Irish Banks Report “Exceptionally Strong Results” with Combined Income of Over €1.7bn
Three of Ireland’s major banks, AIB, Bank of Ireland, and Permanent TSB, have reported “exceptionally strong results” for the first half of the year, generating a combined income of over €1.7bn. This success has been attributed, in part, to the deposits they place at the European Central Bank (ECB) and the deposit rates they offer customers, according to ratings firm DBRS Morningstar.
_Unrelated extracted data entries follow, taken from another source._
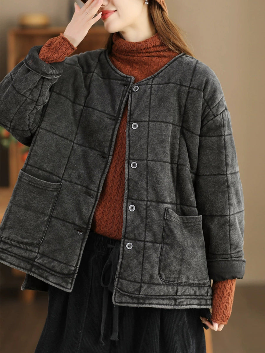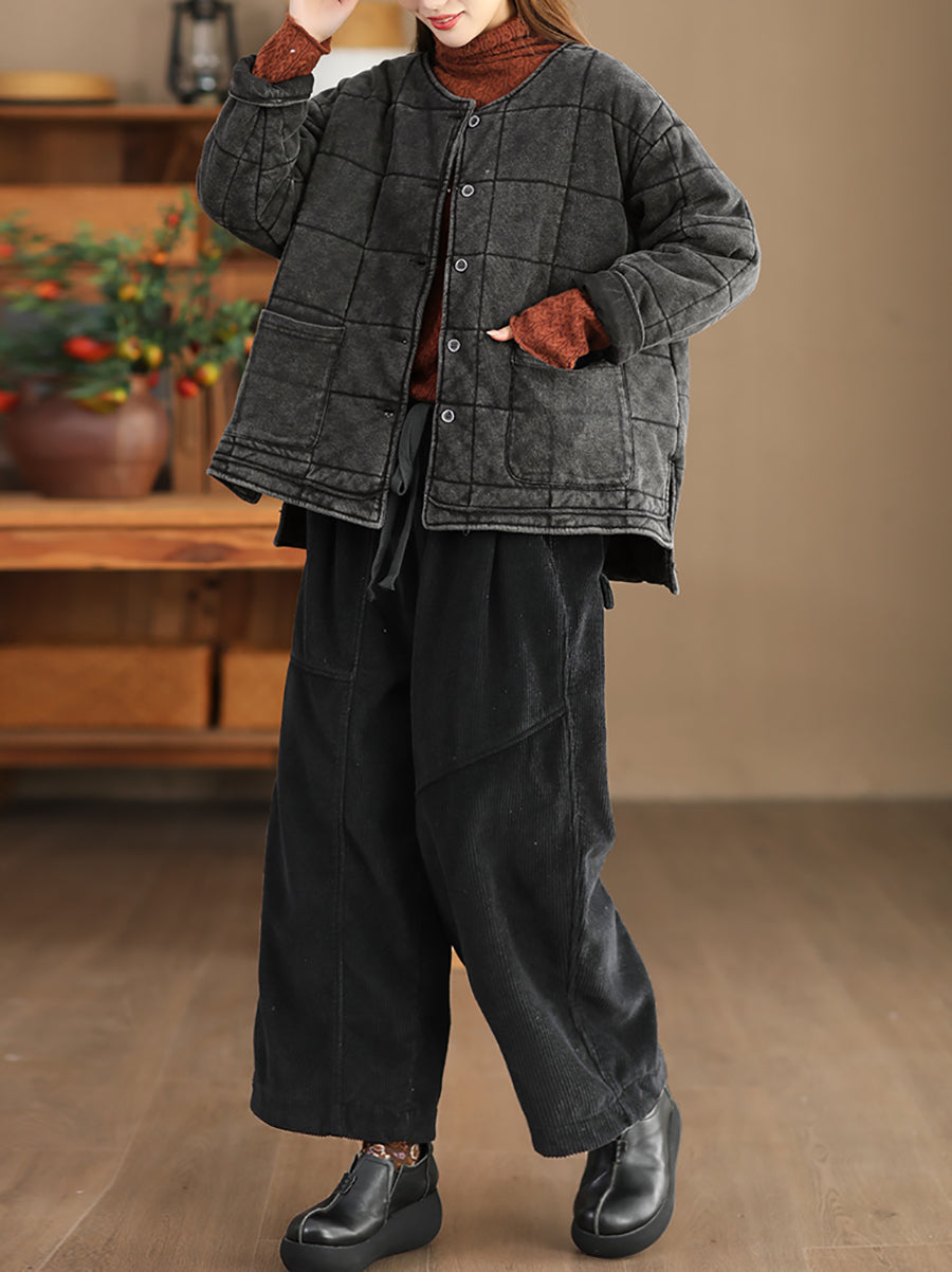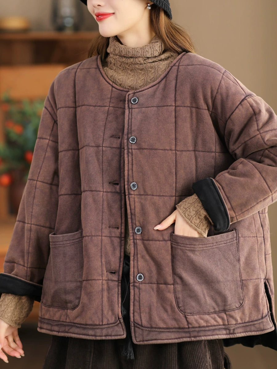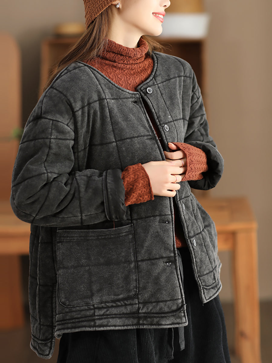 Damen Herbst Retro Pure Color O-Ausschnitt Gepolsterte Jacke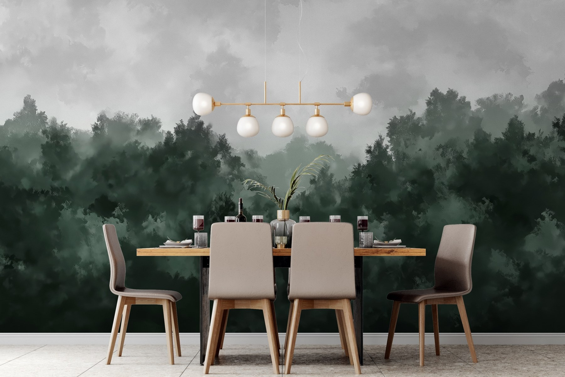 Transforme cualquier habitación en una escapada serena con este impresionante mural de pared “Bosque brumoso”. Imagine entrar en su espacio y ser recibido por el suave susurro de los árboles envueltos en niebla. Es como entrar en una acogedora naturaleza salvaje, donde cada mirada invita a la tranquilidad. Los verdes profundos y los grises suaves crean un ambiente calmante, perfecto para relajarse después de un largo día. O imagínese una reunión con amigos: este mural suscitará conversaciones sobre la belleza de la naturaleza. Es más que decoración, es un estado de ánimo. Lleve un toque de la naturaleza al interior y deje que sus paredes respiren vida.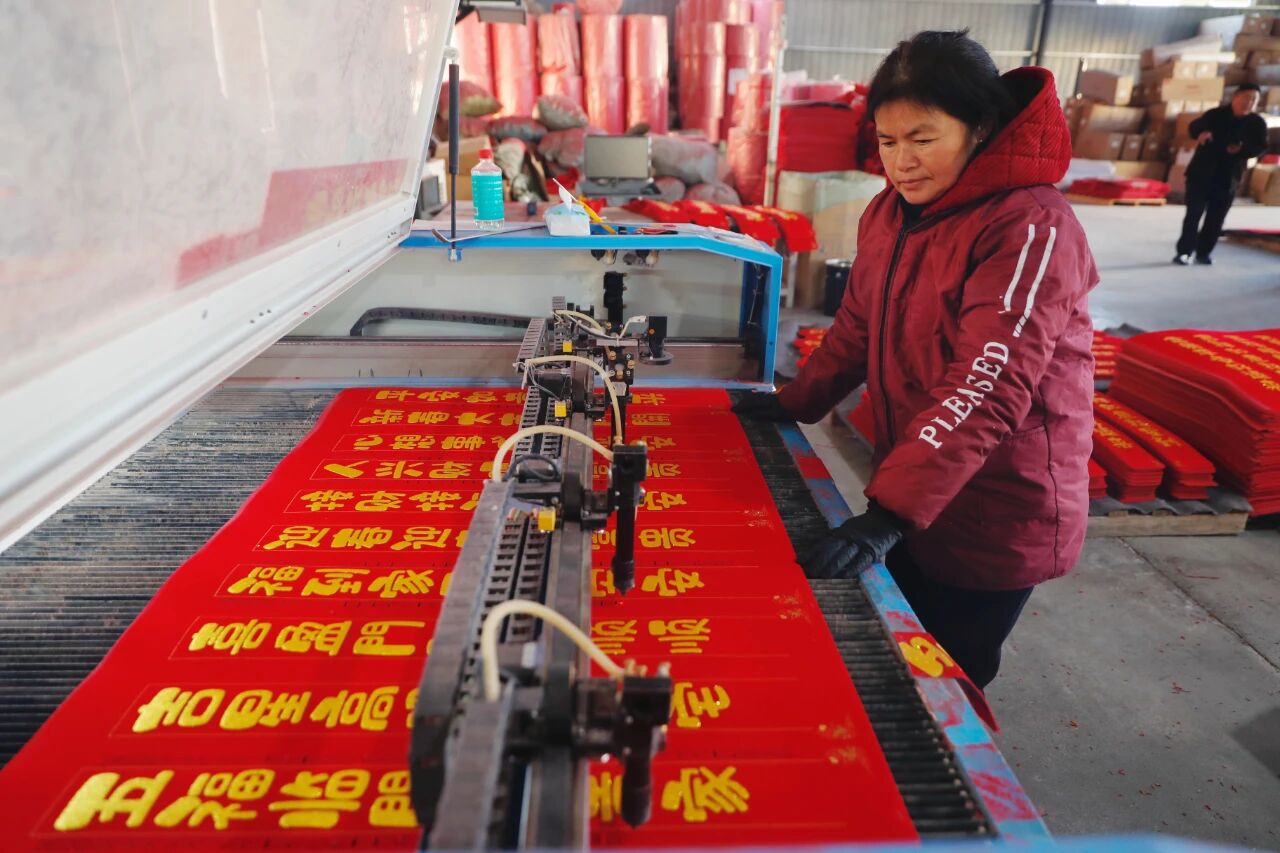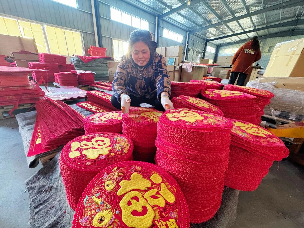 “春节临近订单量翻倍,我们现在开足马力赶生产,全力保障苏皖鲁等地节日市场供应。”宏泰喜庆制品厂生产负责人谢宝珠介绍道。工厂以生产春联、福字、灯笼等新春喜庆用品为主打产品,凭借款式多样、做工扎实的优势,已成功深耕苏皖鲁市场多年,成为区域内重要的节日喜庆用品供应基地。她自豪地说:“我们不仅要做好的产品,更要让这份浓浓的年味传遍大江南北。”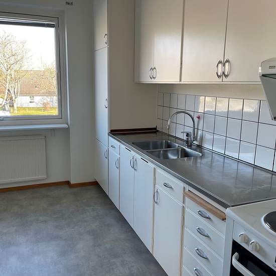 Bright lovely 2-room corner apartment on the first floor. Kitchen with gray vinyl flooring, with space for a kitchen table for 6 people and good work surfaces. The bedroom and hallway have the same color flooring and light walls. Living room with parquet flooring and a bay window. Bathroom with a window. Balcony. Fiber is installed in the building. We reserve the right for any typographical errors. Rent 2025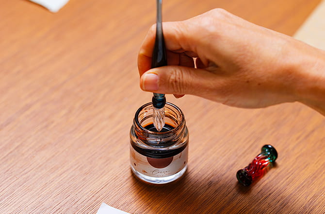 初めてガラスペンを購入するにあたっては、「見た目の好み」で選んでOKです。試し書きのできる販売店もありますので、まずは使ってその書き心地を確かめてください。ペン先とインクの相性によっても書き味は変わります。「インク沼」という言葉もあるくらい奥深い世界のため、どんなインクを選べば良いか決めかねるかもしれません。その場合、ガラスペンとインクがセットになった商品を購入してもいいと思います。数千円のものからあるので、気軽にはじめることができます。なお、インクは紙に滲むことがあるので、試し書きをしながら紙を選ぶと良いでしょう。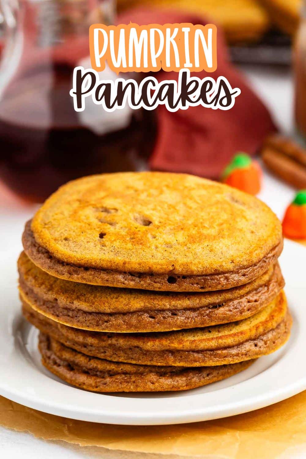 My Fluffy Pumpkin Pancakes Recipe is from scratch, easy to make, and is done in un no time at all. These are a one bowl pancake recipe that are moist, perfectly pumpkin spiced, and delicious with maple syrup. It’s the perfect fall breakfast and you can even make these ahead and freeze them!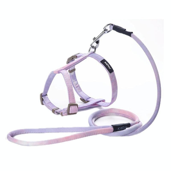 Durable and Comfortable: The KAFULI Pet Adjustable I-Shape Harness and Leash in a stylish gradient purple is designed with your pet's comfort and safety in mind. Crafted from robust nylon, this size medium harness features a strong, non-fraying cord built for long-lasting wear.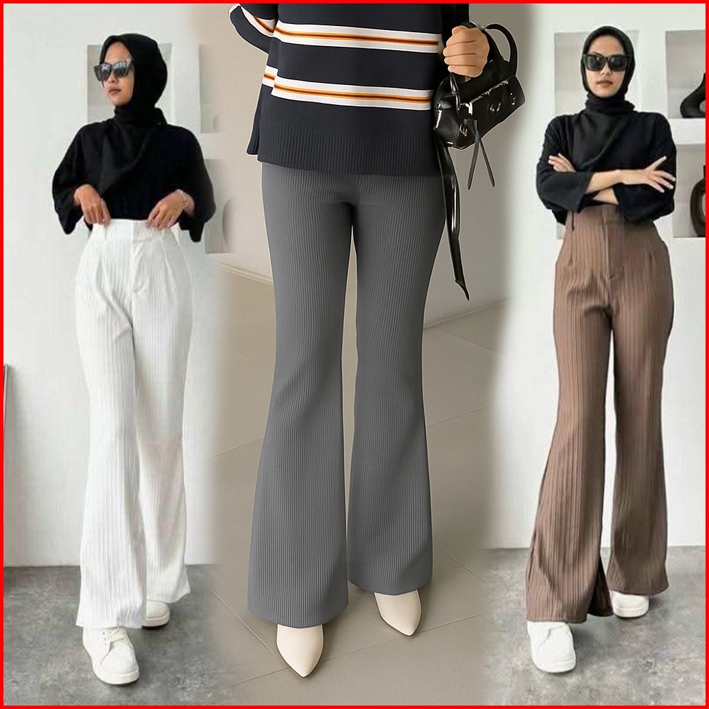 Naway - Celana Cutbray Knit Wanita Long Cullote Pants Highwaist Knit Cutbray Pants Basic Knit Korean Long Trousers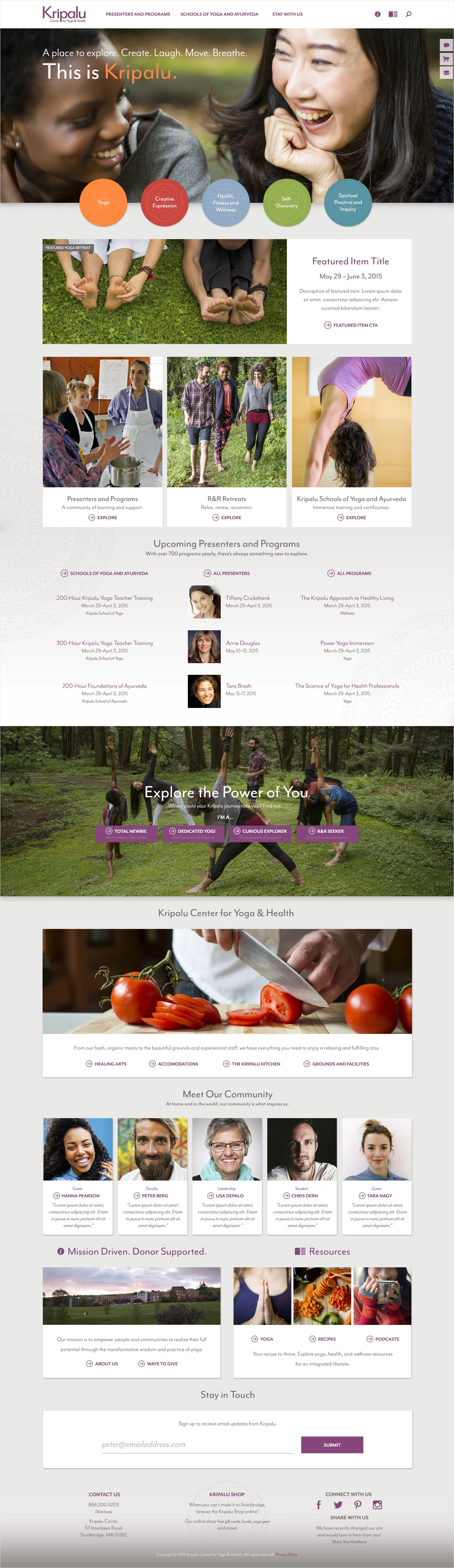 With massive amounts of content and an outdated website, Kripalu was in need of a total site refresh. By working with the lead user-experience designer, I established a visual system that allows users to easily explore and navigate. Bold colors used on the home page establish themes of various programs that are seen across the site. Similar visual elements are used across a variety of pages so that units are easily identifiable as the user browses the site. Large images throughout the site establish the overall feel of Kripalu, with an experiential page allowing users to get an idea of what a day at the retreat would entail.

The DBRS report highlights the strong profitability of the Irish banks, driven by deposit margin. However, it also notes “early signs” of deterioration in loan quality, likely due to high levels of price and cost inflation for households and businesses. Despite this, the three banks reported a total net income of €1.73bn, marking one of the strongest performances at the half-year stage since the financial crisis over 14 years ago.
The surge in European Central Bank interest rates since last summer has contributed to the banks’ profits. This allowed them to tap into higher returns from the deposits held at the ECB. Additionally, the continuous repricing of loan rates and the loans acquired when rivals Ulster Bank and KBC Bank exited the market have also played a role in boosting profits.
While interest rates on customer deposits, the largest source of funding for Irish banks, have slightly increased since the end of 2022, most customers prefer to hold deposits in accounts with no or low-yielding rates. As a result, the return on equity, as calculated by DBRS Morningstar, has significantly increased year-on-year.
For AIB, the return on equity climbed to 13.6% at the half-way stage from 7.2% a year earlier. Bank of Ireland saw an increase to 14.4% from only 5%, and Permanent TSB experienced a rise to over 2% from a below-water return of 4% over the same period.
However, the DBRS report also highlights an increase in total loan provisions for the three banks, reaching €258m in the first half. This is attributed to an increase in risk in the residential mortgage and real estate sector portfolios, indicating early signs of asset quality deterioration.
Despite these challenges, the Irish banks have maintained significant capital buffers to protect against potential economic shocks and loan losses. These buffers are well above the minimum requirements set by regulators.
It is worth noting that Irish banks are not the only ones experiencing positive results. Banks in Italy, Portugal, Spain, and Greece have also posted strong results in the first six months of the year. DBRS Morningstar states that these jurisdictions, like Ireland, have low deposit betas, lower than initially expected for 2023, averaging around 10%.
The positive news has been reflected in the stock market, with shares in Irish banks rising. AIB shares gained 2%, Bank of Ireland shares saw a slight increase, and Permanent TSB rose by almost 4.75%.
Overall, the Irish banking sector has shown resilience and profitability in the face of economic challenges. While there are indications of potential asset quality deterioration, the banks’ strong performance and significant capital buffers provide a solid foundation for future growth and stability.